Savaşlar tam da bu nedenle, kısa vadede genellikle üretimi artırıcı etkilere sahip. Savaş harcamalarının, geçmişte olduğu gibi bugün de ekonominin genelinde canlanmaya neden olacağı iddia ediliyor. ABD ekonomisine ilişkin tahminler de bu yönde. Bu yıl ABD ekonomisindeki büyümenin üçte birine yakın bir kısmı askeri harcamalardan kaynaklanacak. Amerikan ekonomisinin içinde bulunduğu durgunluk nedeniyle; geçmişteki savaşların aksine, Irak Savaşı’nın enflasyon üzerindeki etkisinin sınırlı olması bekleniyor. Gıda ve enerji fiyatları dışarıda bırakıldığında, bu yıla ilişkin enflasyon tahminleri %1,5 civarında. Savaşların ekonomi üzerindeki bir diğer etkisi, kamu kesimi harcamalarının GSYİH içindeki payının artması şeklinde oluyor. Bu durum doğal olarak ülke içinde gelir dağılımının hükümet tarafından yeniden şekillendirilebilmesine imkan tanıyor. Şu andaki iktidarını bir ölçüde silah ve petrol üreticilerine borçlu olan Bush yönetimi, Irak’taki savaşla bu kesimleri memnun edecek imkanlara kavuştu.
Yirminci Yüzyıldaki ABD Savaşlarının Ekonomik Etkileri
İkinci Dünya Savaşı’ndan bu yana ABD’nin dahil olduğu savaşlar göz önüne alındığında, savaşların yukarıda zikredilen etkilerinin büyük ölçüde gerçekleştiği görülüyor. Örneğin İkinci Dünya Savaşı sırasında ABD ekonomisi yıllık %12 civarında büyüdü. Bu savaşta ABD’nin maliye politikası diğer savaşlara nazaran daha genişlemeci oldu. Harcamalar daha çok borçlanma yoluyla karşılandığı ve talepte de artış olduğu için enflasyon yükseldi (%5’den biraz daha yüksek).
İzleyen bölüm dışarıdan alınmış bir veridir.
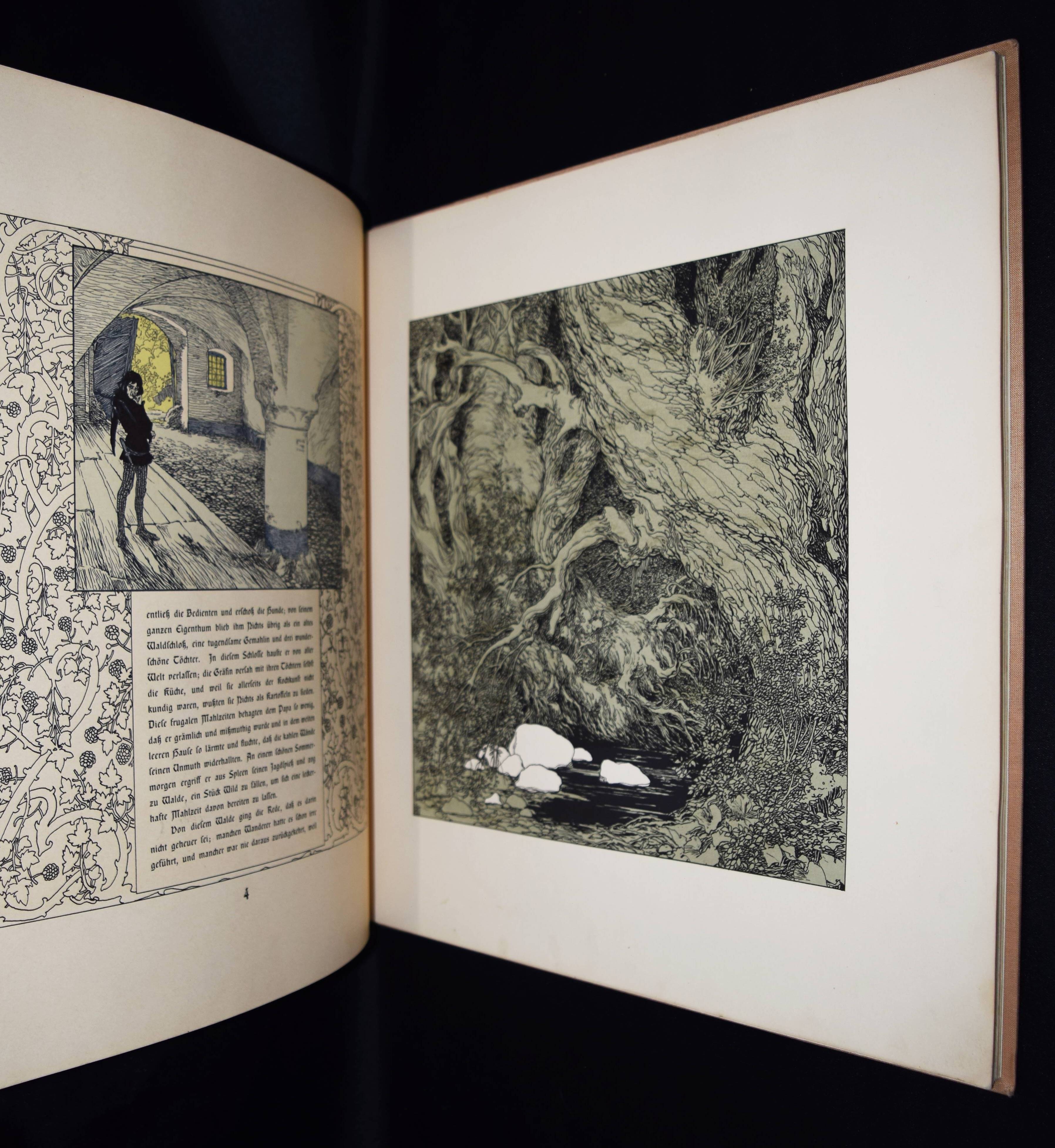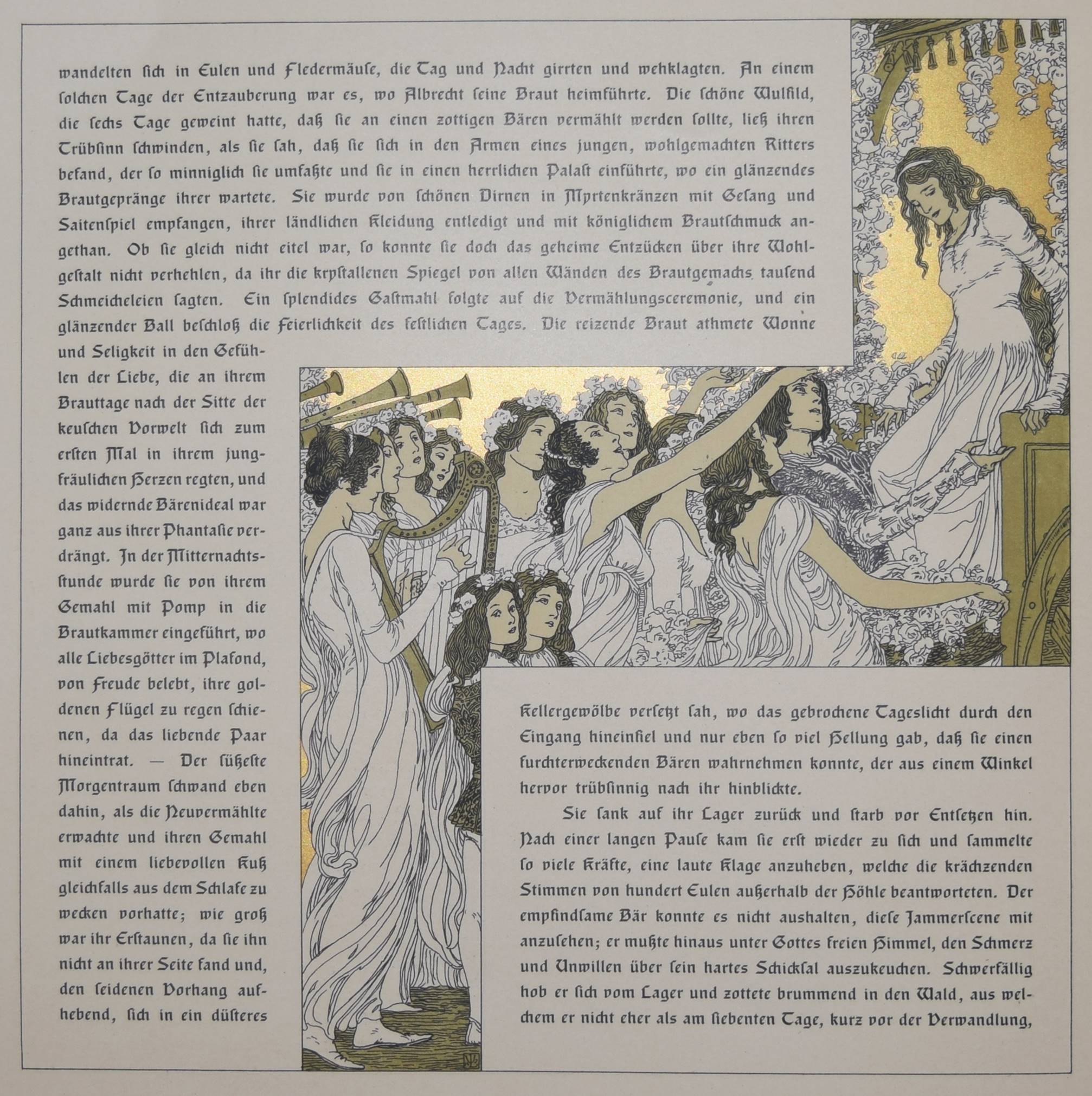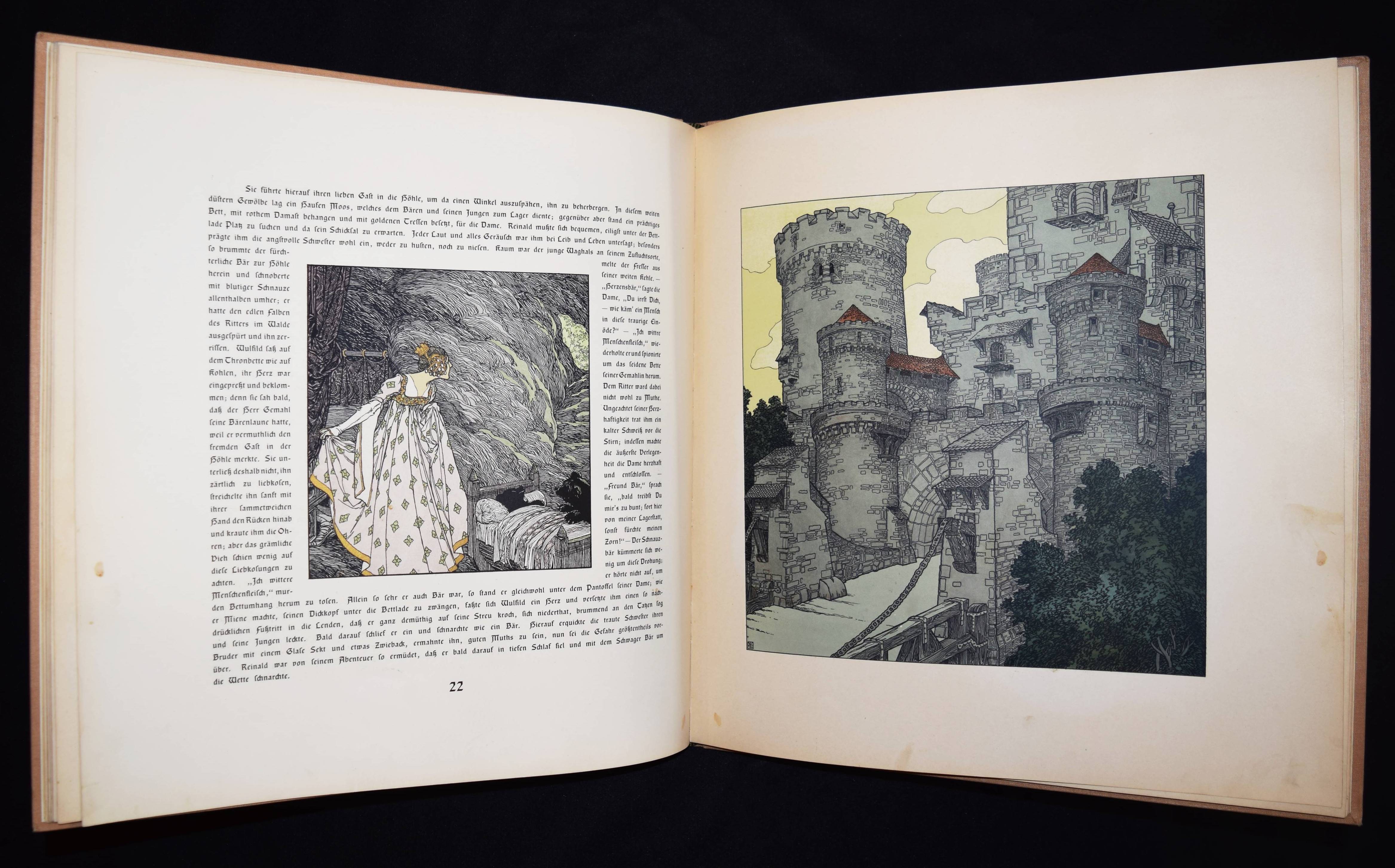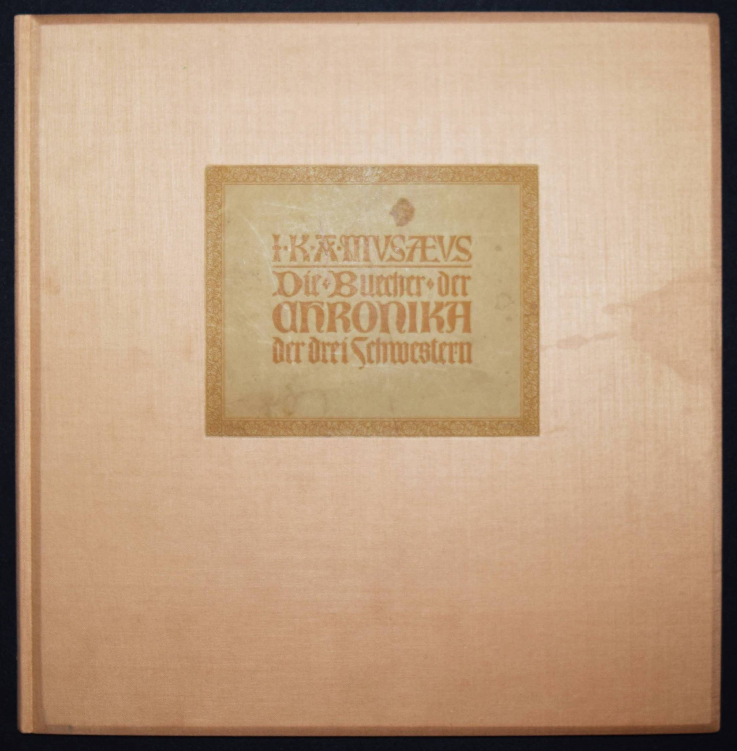 Musäus, J(ohann) K(arl) A(ugust). Die Bücher der Chronika der drei Schwestern. Illustriert von H(einrich) Lefler und J(osef) Urban. Berlin, Stargardt 1900. Folio. 54 S. mit illustr. Titel u. zahlreichen teils farb. Illustrationen, sechs davon blattgroß, Bordüren und Vignetten im Text. Moderner hellbrauner Leinenband mit mont. Orig.-Deckelschild. Bang S. 95, 130 u. Abb. 217, 219. Bilderwelt 462. Doderer-Müller S. 269. LKJ II, 330. Oldenburg, Künstler 137. Rodenberg 280. Stuck-Villa I, 422. Thieme/Becker XXII, 559 u. XXXIII, 589. Nicht bei Heller, Bunte Welt. – Druck von der Reichsdruckerei, Berlin, mit einer Type, die von Paul Voigt entworfen und hier zum ersten Mal verwendet wurde (Cicero-Voigtische-Gotisch). – Die hübschen Illustrationen und Bordüren teils goldgehöht. – „Es ist durch eine ungewöhnliche architektonische Szenerie (Urban war Architekt), eine eigenwillige Umschmelzung historistischer Form- und Dekorzitate ins Stilkünstlerische sowie durch eine fein gestufte, reich instrumentierte Farbigkeit gekennzeichnet“ (H. Ries in Bilderwelt). – Neben freundschaftlichen und geschäftlichen verbanden die beiden Wiener Sezessions-Künstler Joseph Urban und Heinrich Lefler als Schwager auch familiäre Beziehungen. Sie arbeiteten oft zusammen, Urban lieferte dabei stets die dekorative Umrahmung zu Leflers Illustrationen. Beide zählten zu den wichtigsten Künstlern des europäischen Jugendstils. – Eines der Hauptwerke der deutschen Jugendstil-Bücher, das nur in kleiner Auflage sehr aufwändig gedruckt und auf der Pariser Weltausstellung 1900 ausgestellt wurde. – Einband fachgerecht und geschmackvoll erneuert (farblich sehr gut mit dem Deckelschild abgestimmt), im Blattrand vereinzelt leicht fingerfleckig, schönes Exemplar.

Kore Savaşı sırasında ise harcamalar daha çok sermaye ve emek üzerindeki vergilerin artırılması yoluyla karşılandı. Bu dönemde büyüme ve enflasyon, İkinci Dünya Savaşı dönemindeki oranların yaklaşık yarısı düzeyinde gerçekleşti.
Vietnam Savaşı’nın 1969’a kadar olan ilk döneminde askeri harcamalar ekonomik büyümeyi desteklese de, sonuçta savaşın enflasyon üzerindeki etkisi büyük oldu. 1970’e gelindiğinde enflasyon oranı %6’yı bulmuştu. Bu dönemde harcamalar, borçlanma yoluyla karşılandı.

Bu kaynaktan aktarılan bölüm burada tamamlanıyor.